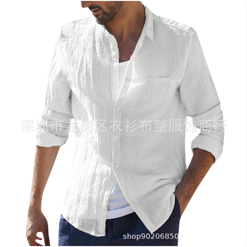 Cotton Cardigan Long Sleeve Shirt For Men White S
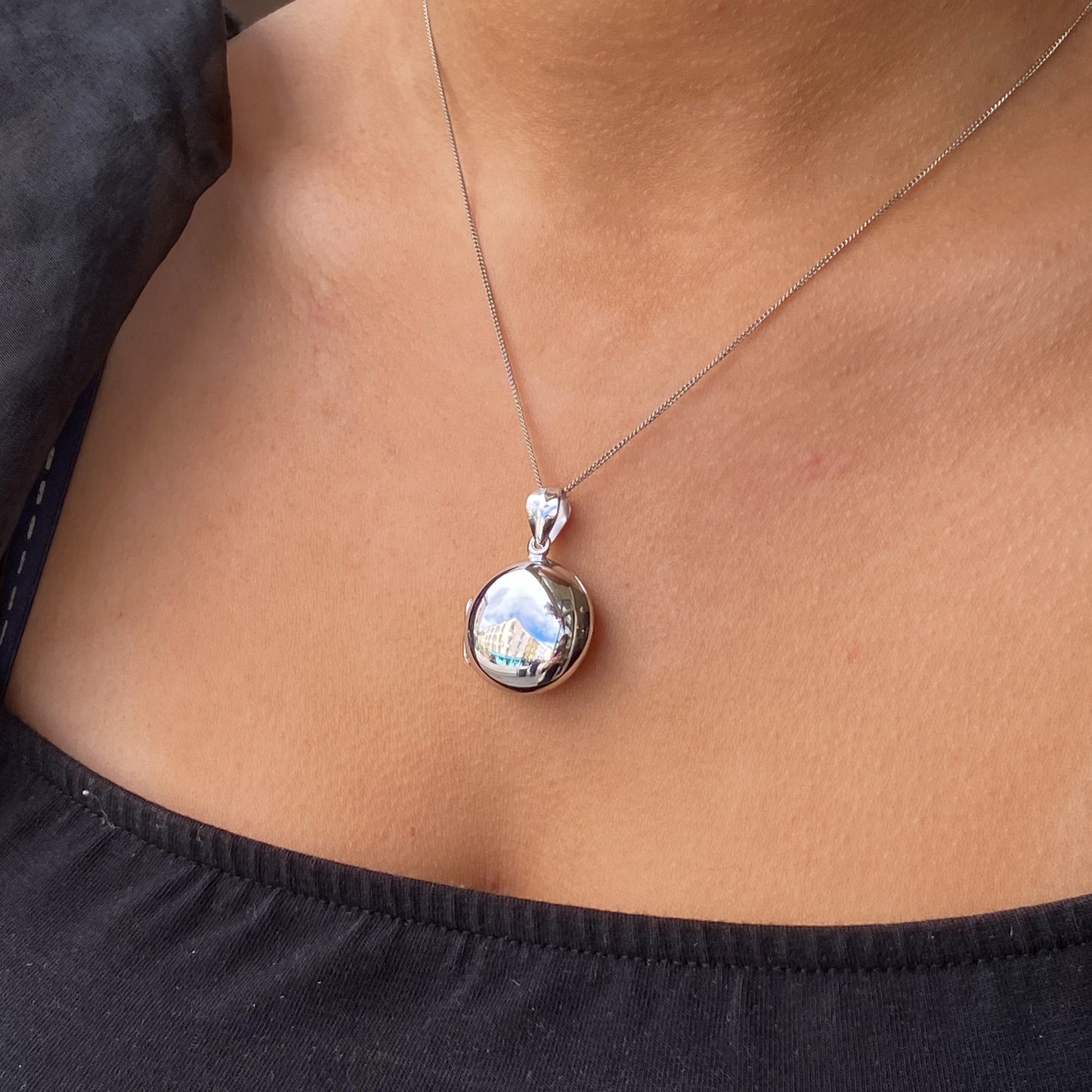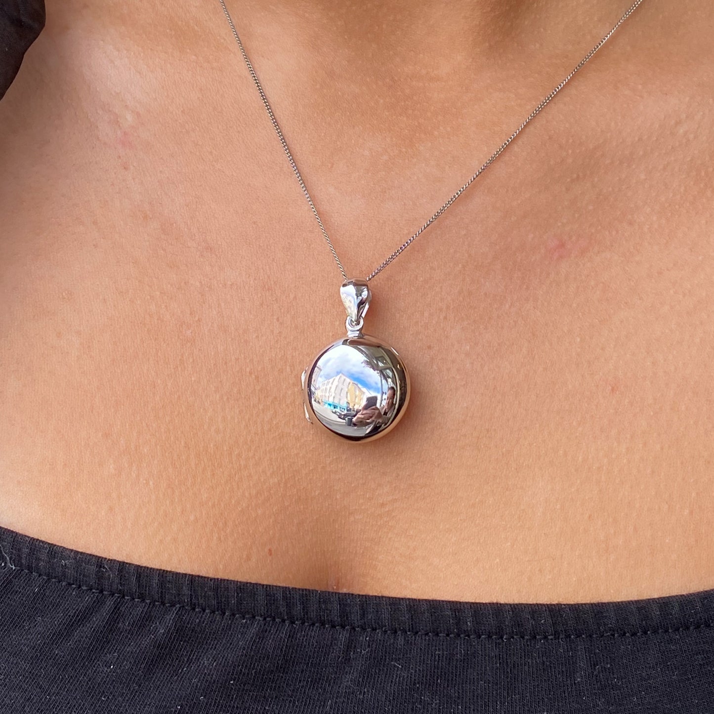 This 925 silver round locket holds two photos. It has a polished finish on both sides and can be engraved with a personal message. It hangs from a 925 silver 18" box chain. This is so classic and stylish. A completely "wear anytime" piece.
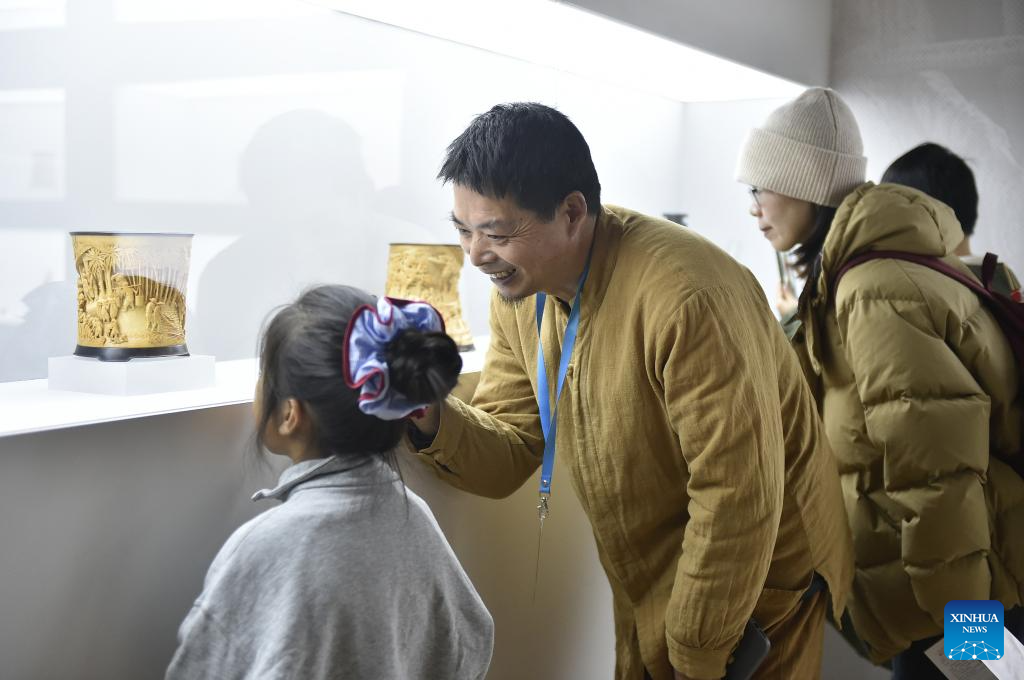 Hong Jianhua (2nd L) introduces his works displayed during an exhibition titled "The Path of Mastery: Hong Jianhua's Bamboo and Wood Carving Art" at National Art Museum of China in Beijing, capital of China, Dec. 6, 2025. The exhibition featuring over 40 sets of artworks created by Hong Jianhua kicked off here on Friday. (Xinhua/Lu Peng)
——
Try it
Produce a word-for-word version of the material, with no pictures included.

Output below
 Cotton Cardigan Long Sleeve Shirt For Men White S
 This 925 silver round locket holds two photos. It has a polished finish on both sides and can be engraved with a personal message. It hangs from a 925 silver 18" box chain. This is so classic and stylish. A completely "wear anytime" piece.
 Hong Jianhua (2nd L) introduces his works displayed during an exhibition titled "The Path of Mastery: Hong Jianhua's Bamboo and Wood Carving Art" at National Art Museum of China in Beijing, capital of China, Dec. 6, 2025. The exhibition featuring over 40 sets of artworks created by Hong Jianhua kicked off here on Friday. (Xinhua/Lu Peng)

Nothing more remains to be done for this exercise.